A Tulane School of Medicine research team specializing in infectious disease aerobiology recently studied COVID-19 in aerosol form and concluded that in a controlled laboratory setting, the virus maintained its ability to cause infection even after 16 hours in the air.
“There is a growing body of evidence that people can be infected by airborne transmission,” Dr. Chad Roy, one of the authors of the study, told ABC News.
Milton told ABC News that while there is specific scientific criteria to classify a virus as being airborne — which coronavirus is not currently — the suspicion that it could travel farther in the air than currently known in the real world, depending on the ventilation in the room, is concerning enough.
Kevin Van Der Wymelenberg, who runs an institute at the University of Oregon focused on creating buildings supportive of human health, said that while the U.S. looks to reopen the economy, people need to apply similar thinking and planning as they reopen buildings, from increasing air exchange rates within commercial buildings so more outside, fresh air is pumped in, to simply opening a window and accessing sunlight.
In the future, he says technology will play a key role in making buildings safer, with enhanced filtration systems and real-time monitoring for airborne microbes.
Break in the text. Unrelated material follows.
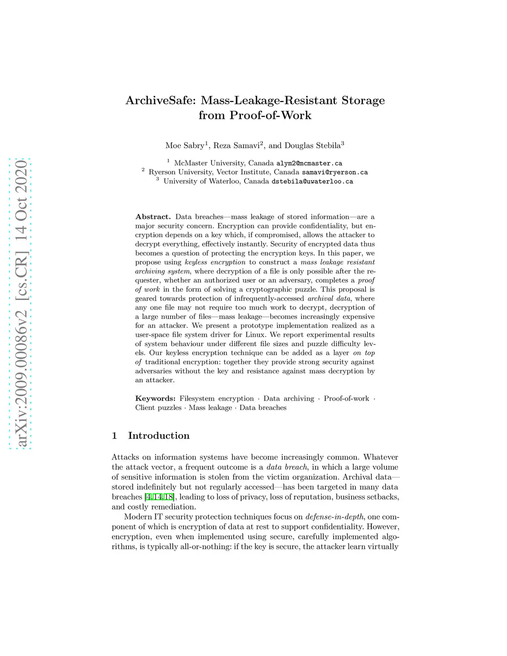 Data breaches-mass leakage of stored information-are a major security concern. Encryption can provide confidentiality, but encryption depends on a key which, if compromised, allows the attacker to decrypt everything, effectively instantly. Security of encrypted data thus becomes a question of protecting the encryption keys. In this paper, we propose using keyless encryption to construct a mass leakage resistant archiving system, where decryption of a file is only possible after the requester, whether an authorized user or an adversary, completes a proof of work in the form of solving a cryptographic puzzle. This proposal is geared towards protection of infrequently-accessed archival data, where any one file may not require too much work to decrypt, decryption of a large number of files-mass leakage-becomes increasingly expensive for an attacker. We present a prototype implementation realized as a user-space file system driver for Linux. We report experimental results of system behaviour under different file sizes and puzzle difficulty levels. Our keyless encryption technique can be added as a layer on top of traditional encryption: together they provide strong security against adversaries without the key and resistance against mass decryption by an attacker.

Diluting indoor air is key, said Van Den Wymelenberg, because it affects the concentration of potential viruses in the air, as the minimum infective dose of the aerosolized virus is still unknown.
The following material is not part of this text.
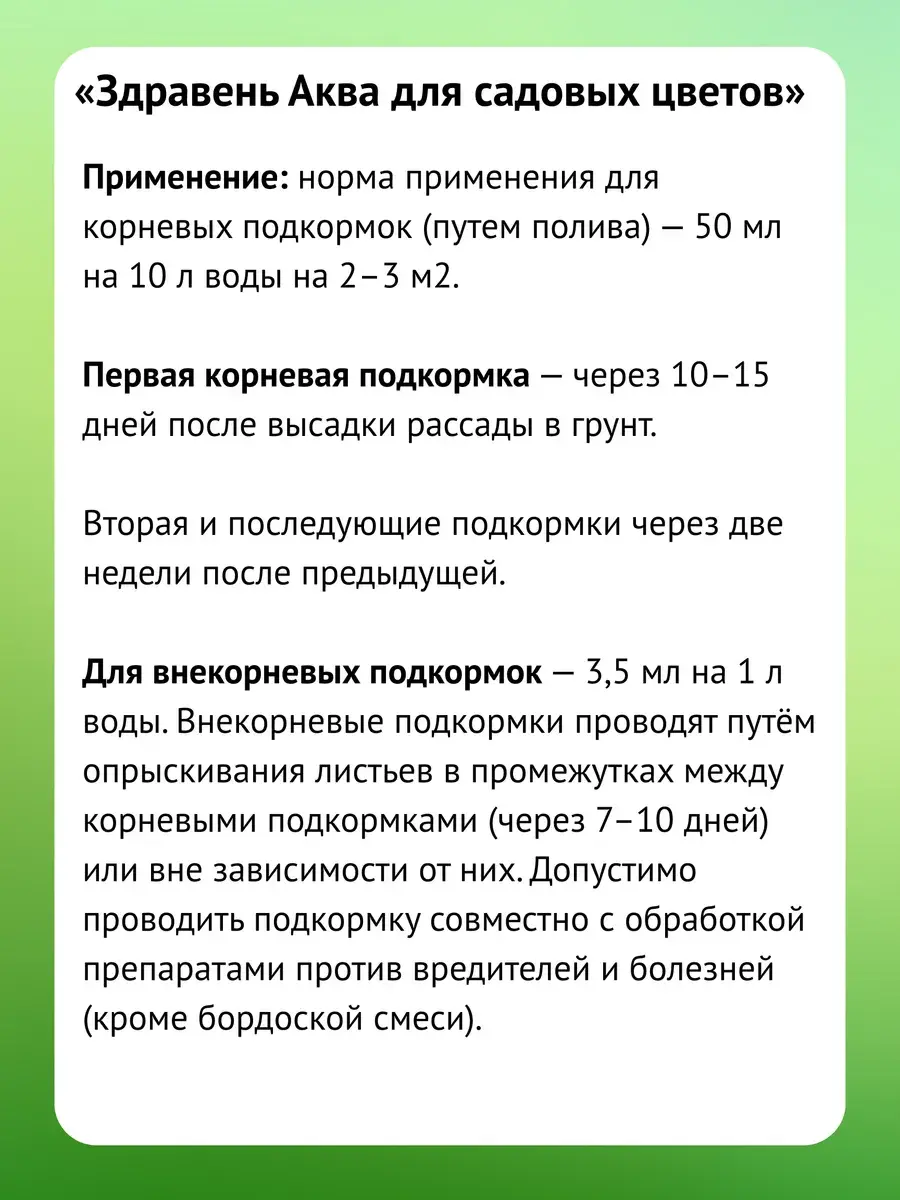 «Здравень аква» — жидкое комплексное органоминеральное удобрение для корневой и некорневой подкормки садовых цветов в личных подсобных хозяйствах. Содержит оптимальный для подкормки садовых цветов набор макро- и микроэлементов. Не содержит хлора.

“It is very difficult to entirely avoid aerosolized exposure, but you can increase air exchange rate and the degree to which you are filtering air, but there is no perfect system,” he said, adding that unfortunately, it is very common within commercial buildings for indoor air to be recirculated.
There are approximately 600,000 restaurants in the U.S. The industry’s trade group, the National Restaurant Association, told ABC News they are aware of the Chinese study but are following U.S. CDC recommendations. They provided a 10-page “reopening guidance” book that is sent to all their members. It does not mention ventilation or air quality concerns.
Roy said he thinks indoor places like restaurants should take the possibility of viral spread propelled by airflow seriously.
“Yes, it is possible,” said Dr. Roy. “It’s my hope that leadership will consider this study.”
Milton agreed, and also encouraged public health officials to begin addressing the concern.
“There’s a lot we can do to prevent it and in many ways there’s much more we can do than just hand washing,” he said. “Rather than be afraid of this we need to be open about it, talk about it, and get over the fear and help people understand.”